■ **Problem details**: Omit every picture. Return all other data as it stands.

■ **Records**:
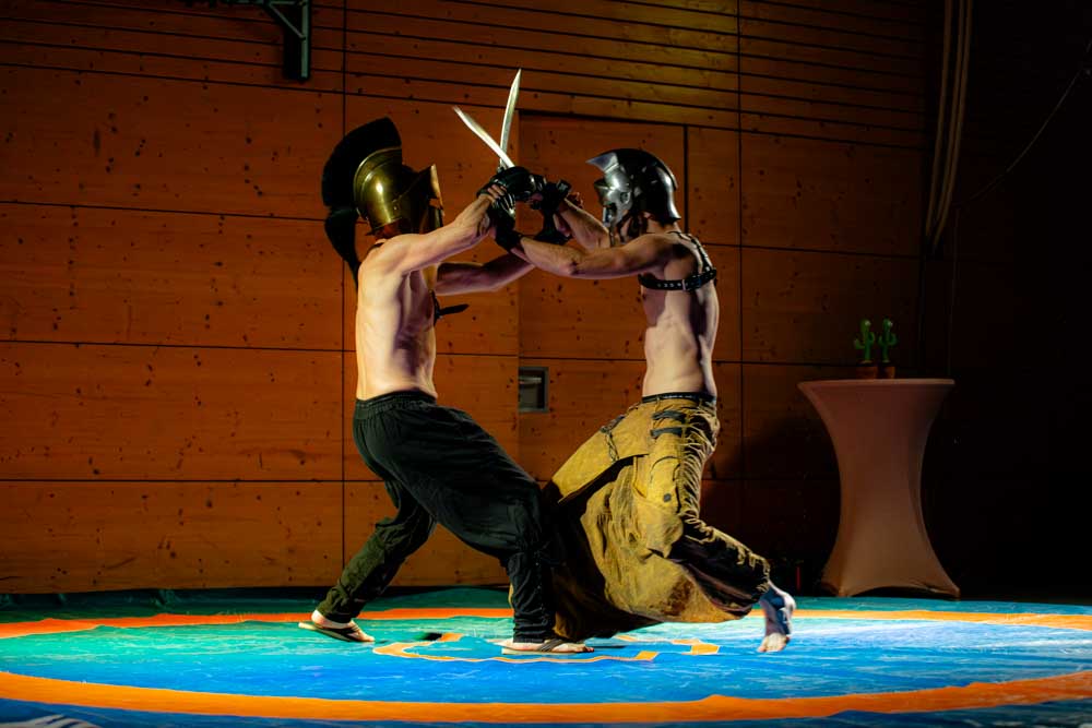 die Gäste gedanklich ins antike Rom: Julius Caesar höchstpersönlich lud in seine Arena ein, wo die FreeFight-Abteilung mit spektakulären Kämpfen für Spannung sorgte. Ein überraschender Parkour-Einsatz lieferte schließlich die ersehnte Pizza – ein Highlight mit Augenzwinkern.
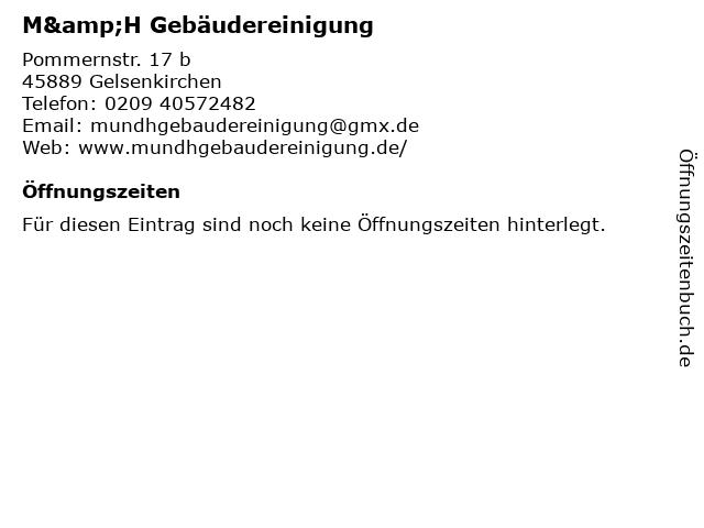 | Öffnungszeiten M&H Gebäudereinigung in Gelsenkirchen anzeigen | |
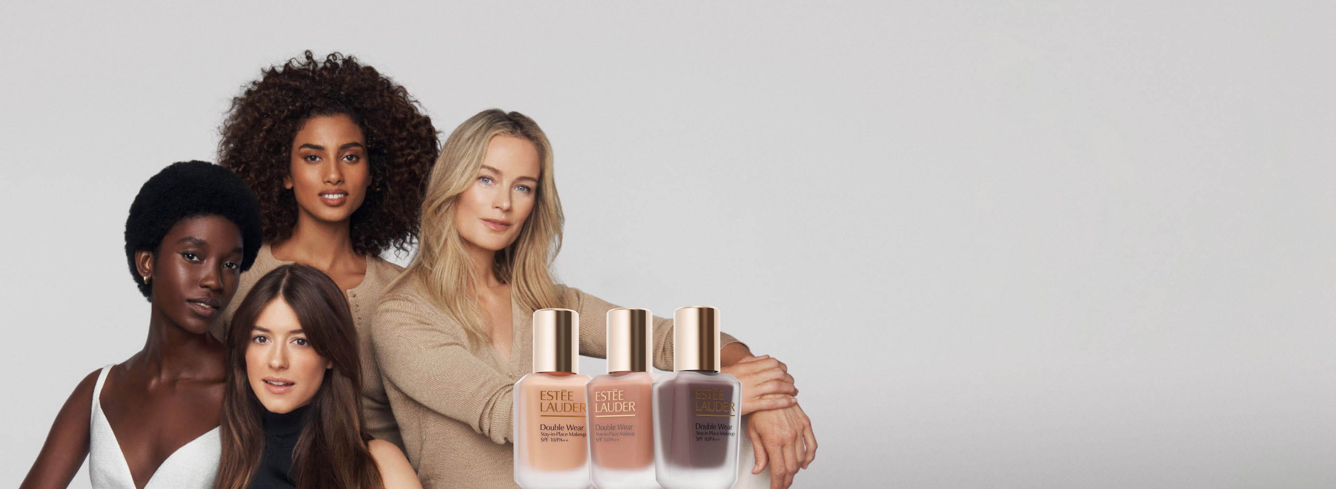 Desde la base de maquillaje hasta el corrector y el primer de maquillaje, compra nuestro producto más vendido Double Wear Foundation Makeup Collection para conseguir un aspecto impecable y natural que dure todo el día sin necesidad de retocar. La mejor base de maquillaje de Estée Lauder es Double Wear Stay-in-Place Makeup, sin aceites y que controla el brillo; es una base de maquillaje de cobertura total, mate y resistente al agua. Dura 24 horas. Si prefieres una base de maquillaje en polvo, Double Wear Matte Powder Foundation podría ser la tuya. Úsala como base de maquillaje o sobre ella. En todo el rostro o sólo para retoques. ¿No estás segura de cuál es la mejor base de maquillaje Double Wear para ti? Utiliza nuestro Foundation Finder para encontrar el tono, la fórmula y el acabado que mejor se adaptan a ti. Además, ¡pruébalo antes de comprarlo con nuestra herramienta iMatch™ Virtual Try-On Tool! ¿Buscas un corrector de ojeras? Disimula las ojeras y las imperfecciones con el corrector Double Wear Flawless Wear. Un aspecto impecable. Dura 24 horas. ¿Siguiente paso? Aumenta el dramatismo con el maquillaje de ojos de larga duración Double Wear. Aplícalo, difumínalo. Hazlo a lo grande. Es hora de usar Double Wear Foundation and Makeup de los expertos en maquillaje de larga duración de Estée Lauder. Póntelo una vez y no lo pienses dos veces.
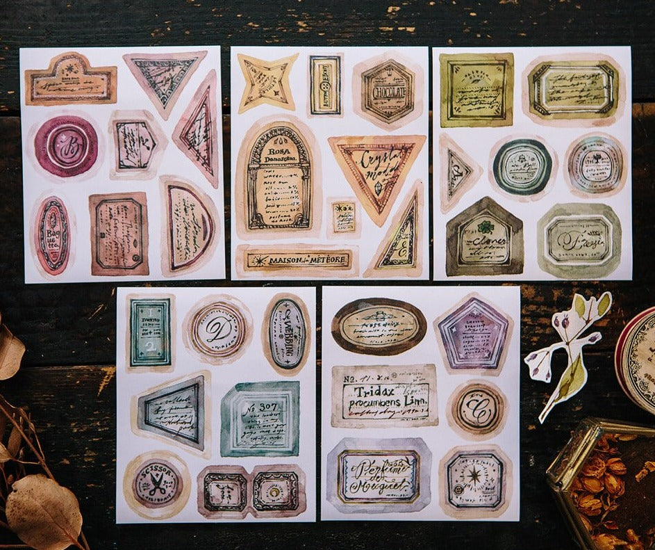 These labels look amazing when lettered with handwritings, typed on with an old typewrite, stamped with old letter fonts or just leave them as they are. Whether on your journal page, message card or gift card, these vintage label stickers would become expressions of visual elegance.
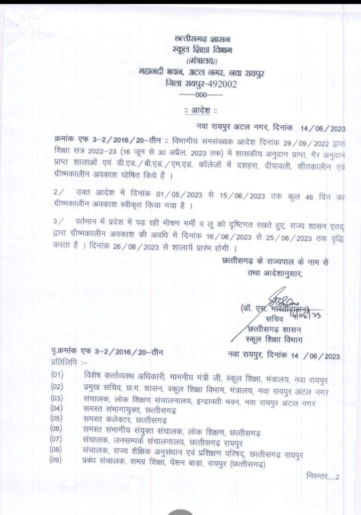 छत्तीसगढ़ में सभी सरकारी और निजी स्कूलों को 26 जून 2023 तक बंद रखने के निर्देश प्रदेश के मुख्यमंत्री भूपेश बघेल ने दिए हैं। सीएम के इस आदेश की वजह भीषण गर्मी को बताई गई है। प्रदेश के स्कूलों में गर्मी की छुट्टियों का ऐलान 15 जून तक के लिए किया गया था लेकिन इस वक्त कई जिलों में गर्म हवाएं चल रही है और लू के हालात हैं। प्रदेश में मानसून अभी दूर है आगे कहना सही नही होगा कि बरसात कब होगी फिलहाल बच्चों को थोड़ी राहत जरूर मिलेगी

■ **Answer to this task**:
 die Gäste gedanklich ins antike Rom: Julius Caesar höchstpersönlich lud in seine Arena ein, wo die FreeFight-Abteilung mit spektakulären Kämpfen für Spannung sorgte. Ein überraschender Parkour-Einsatz lieferte schließlich die ersehnte Pizza – ein Highlight mit Augenzwinkern.
 | Öffnungszeiten M&H Gebäudereinigung in Gelsenkirchen anzeigen | |
 Desde la base de maquillaje hasta el corrector y el primer de maquillaje, compra nuestro producto más vendido Double Wear Foundation Makeup Collection para conseguir un aspecto impecable y natural que dure todo el día sin necesidad de retocar. La mejor base de maquillaje de Estée Lauder es Double Wear Stay-in-Place Makeup, sin aceites y que controla el brillo; es una base de maquillaje de cobertura total, mate y resistente al agua. Dura 24 horas. Si prefieres una base de maquillaje en polvo, Double Wear Matte Powder Foundation podría ser la tuya. Úsala como base de maquillaje o sobre ella. En todo el rostro o sólo para retoques. ¿No estás segura de cuál es la mejor base de maquillaje Double Wear para ti? Utiliza nuestro Foundation Finder para encontrar el tono, la fórmula y el acabado que mejor se adaptan a ti. Además, ¡pruébalo antes de comprarlo con nuestra herramienta iMatch™ Virtual Try-On Tool! ¿Buscas un corrector de ojeras? Disimula las ojeras y las imperfecciones con el corrector Double Wear Flawless Wear. Un aspecto impecable. Dura 24 horas. ¿Siguiente paso? Aumenta el dramatismo con el maquillaje de ojos de larga duración Double Wear. Aplícalo, difumínalo. Hazlo a lo grande. Es hora de usar Double Wear Foundation and Makeup de los expertos en maquillaje de larga duración de Estée Lauder. Póntelo una vez y no lo pienses dos veces.
 These labels look amazing when lettered with handwritings, typed on with an old typewrite, stamped with old letter fonts or just leave them as they are. Whether on your journal page, message card or gift card, these vintage label stickers would become expressions of visual elegance.
 छत्तीसगढ़ में सभी सरकारी और निजी स्कूलों को 26 जून 2023 तक बंद रखने के निर्देश प्रदेश के मुख्यमंत्री भूपेश बघेल ने दिए हैं। सीएम के इस आदेश की वजह भीषण गर्मी को बताई गई है। प्रदेश के स्कूलों में गर्मी की छुट्टियों का ऐलान 15 जून तक के लिए किया गया था लेकिन इस वक्त कई जिलों में गर्म हवाएं चल रही है और लू के हालात हैं। प्रदेश में मानसून अभी दूर है आगे कहना सही नही होगा कि बरसात कब होगी फिलहाल बच्चों को थोड़ी राहत जरूर मिलेगी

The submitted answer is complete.